These Timothy O’Sullivan photographs were taken in 1869 during the 40th Parallel Survey that took place between 1867-1872. The expedition that surveyed northern Utah in 1869 was under the command of Gen. Andrew A. Humphreys and U.S. Geologist Clarence King. Among O’Sullivan’s photos include images of various points in the Wasatch and the Uinta Mountains, including King’s Peak, as well as of Ogden, Salt Lake City, and Promontory Summit. King’s Peak, the highest peak in Utah, is named for Clarence King, while the highest point in Arizona is named for Andrew Humphreys.
Born in Ireland, O’Sullivan worked for Matthew Brady in New York as a teenager just before the outbreak of the Civil War. Beginning in 1862, he joined Matthew Brady’s team of photographers, and late that same year he joined Alexander Gardner’s photographic team, ultimately publishing forty-four photographs, some of which are quite famous, including “Harvest of Death” depicting dead confederate soldiers in the field at Gettysburg and “Dead Confederate Sharpshooter at Foot of Little Round Top.”
O’Sullivan established a new career as a photographer of the natural beauty of he west and several Native-Americans, which was enhanced significantly by joining the 40th Parallel Survey. In 1882, O’Sullivan died of tuberculosis in Staten Island, NY at the age of 42.

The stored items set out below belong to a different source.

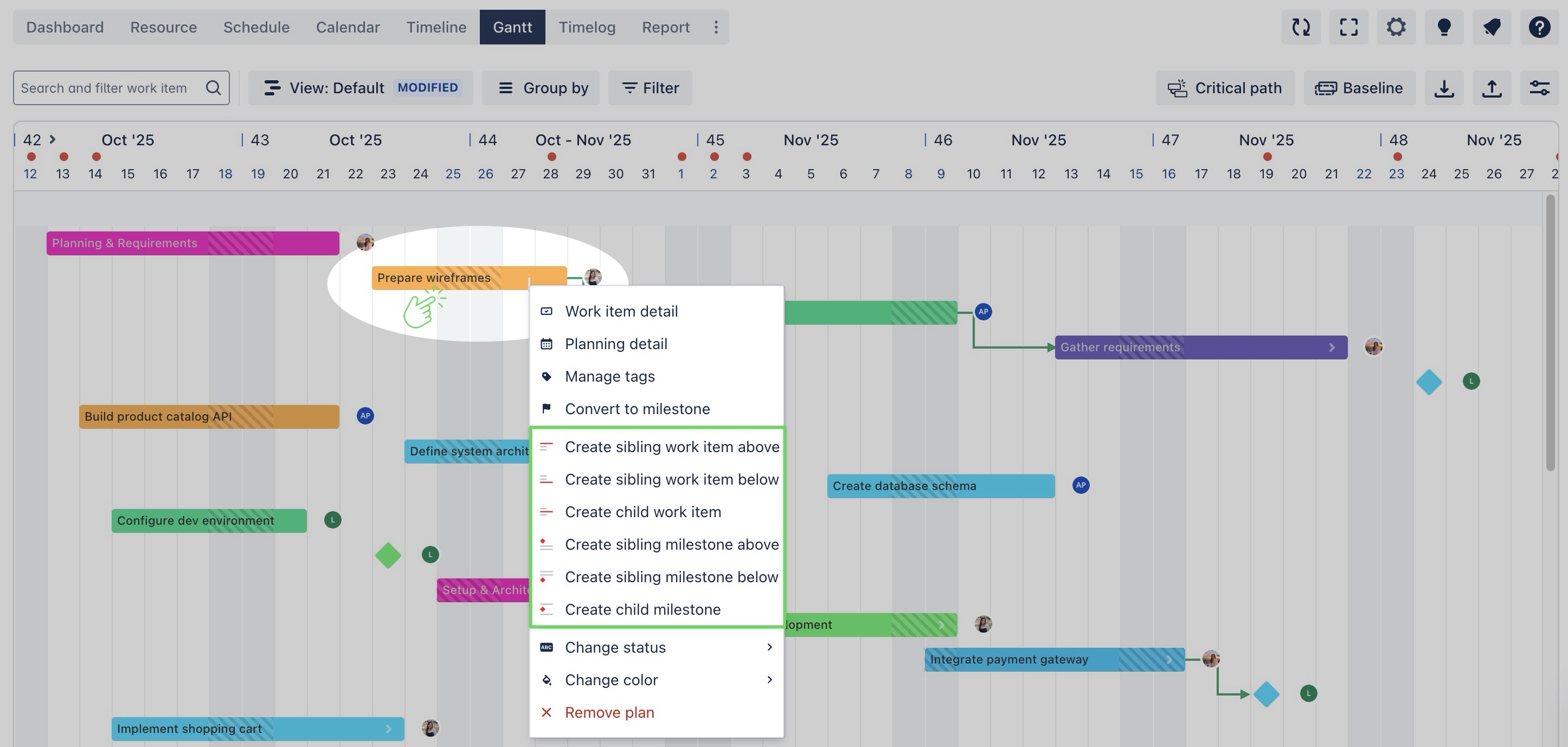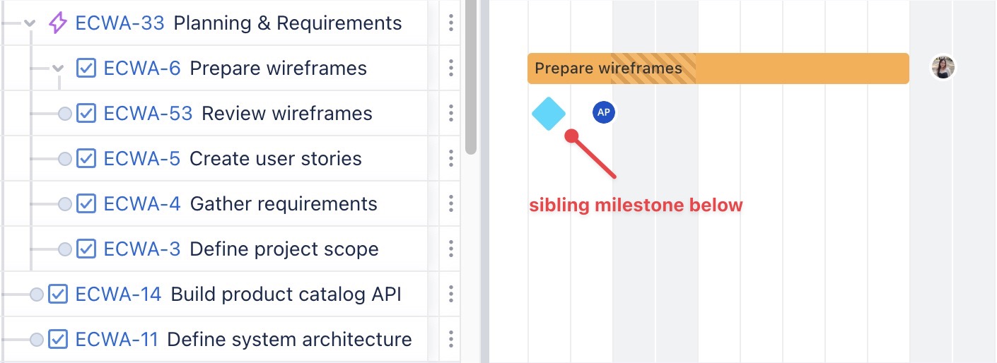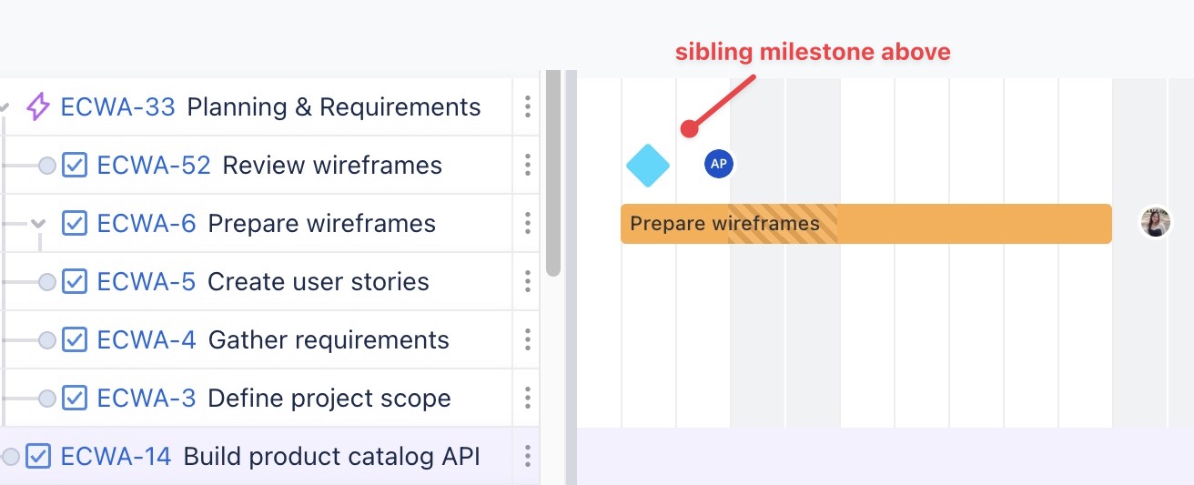 Create sibling milestone below: Adds a milestone at the same hierarchy level as the selected task, placed below it. | ![]() |
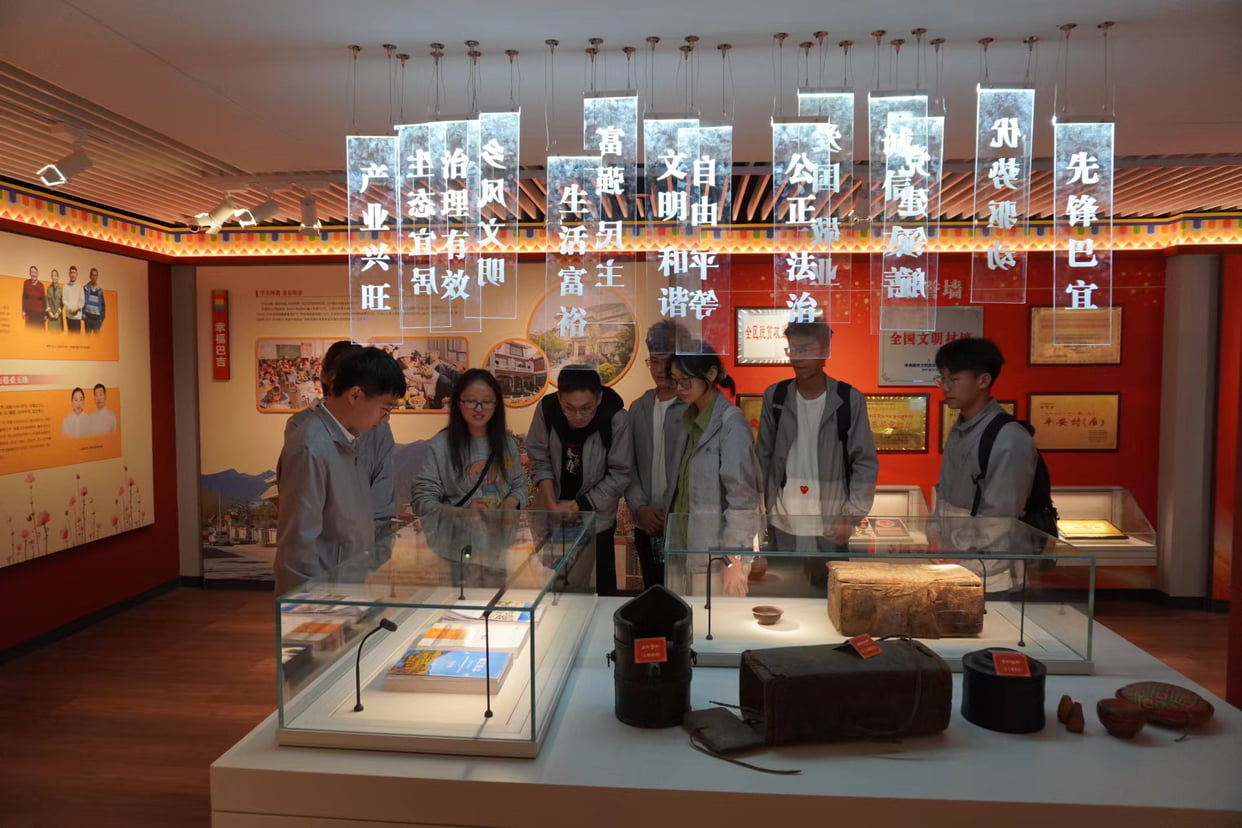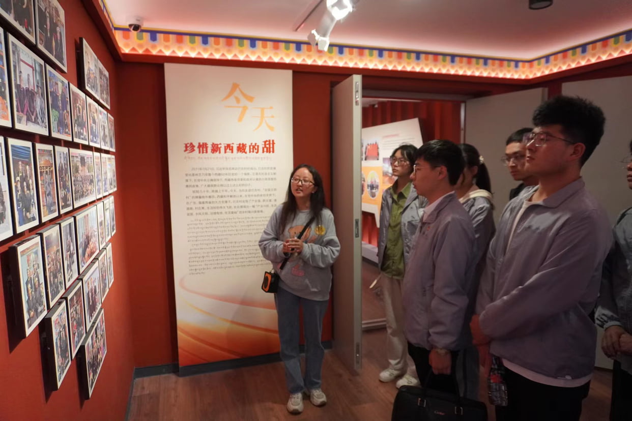 圖為工作人員向團隊介紹“今天珍惜新西藏的甜”展覽館。通訊員 徐赫岑 攝
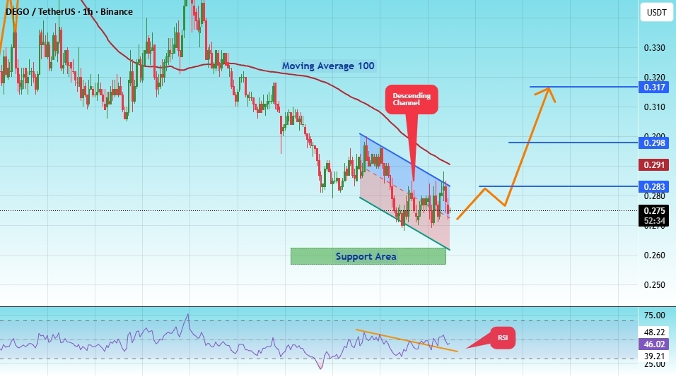 The price is moving within a descending channel on the hourly timeframe. It has reached the lower boundary and is trending towards a bounce. A retest of this boundary is expected.
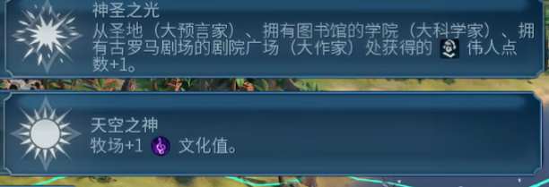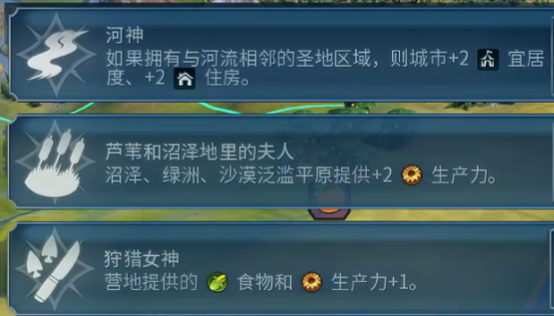 如果神圣之光和河神都被抢了,还可以考虑丰收女神或天空之神。丰收女神能提升种植园的产出,适合资源丰富的开局;天空之神则能加强牧场,如果周围有大量牛羊,选它也不错。不过这些都属于备选方案,优先级不如神圣之光和河神高。
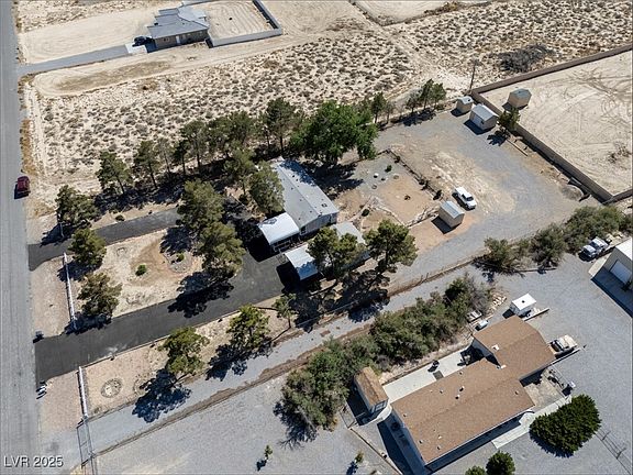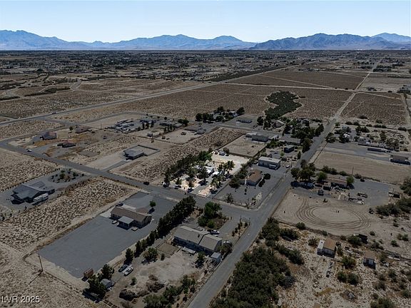 Fantastic opportunity to live on 1 acre , zoned RE-1 with the most gorgeous view of Mount Charleston. 3200 Florenza is a manufactured home, converted to real property and boasts 2 bedroom PLUS an extra den for a potential 3rd bedroom or hobby room. Has owner suite with dual sinks, tub, shower separate. Open living room with formal dining area in LR and dining space within kitchen. Large deck (16x14) in the front, fully shaded with permanent overhang for your morning coffee and mountain views. Back has fully fenced area, plenty of additional parking, shade, and extra sheds for storage. The 2 stall detached garage has currently been converted to a general hang out space. Large carport could hold up to four spaces.
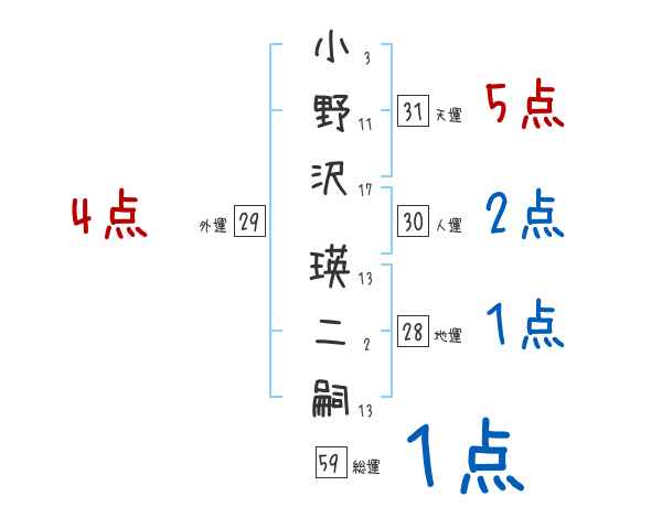 小野沢瑛二嗣さんの画数の鑑定結果

We also publish a few photographs by William Henry Jackson, an O’Sullivan contemporary. Jackson accompanied Ferdinand Hayden on his geologic surveys of the Yellowstone River and Rocky Mountains in 1870 and 1871. His landscape photographs introduced the public to the scenery and grandeur of the American West and were instrumental in convincing Congress to designate Yellowstone National Park in 1872. Jackson died in 1942 at the age of 99 years.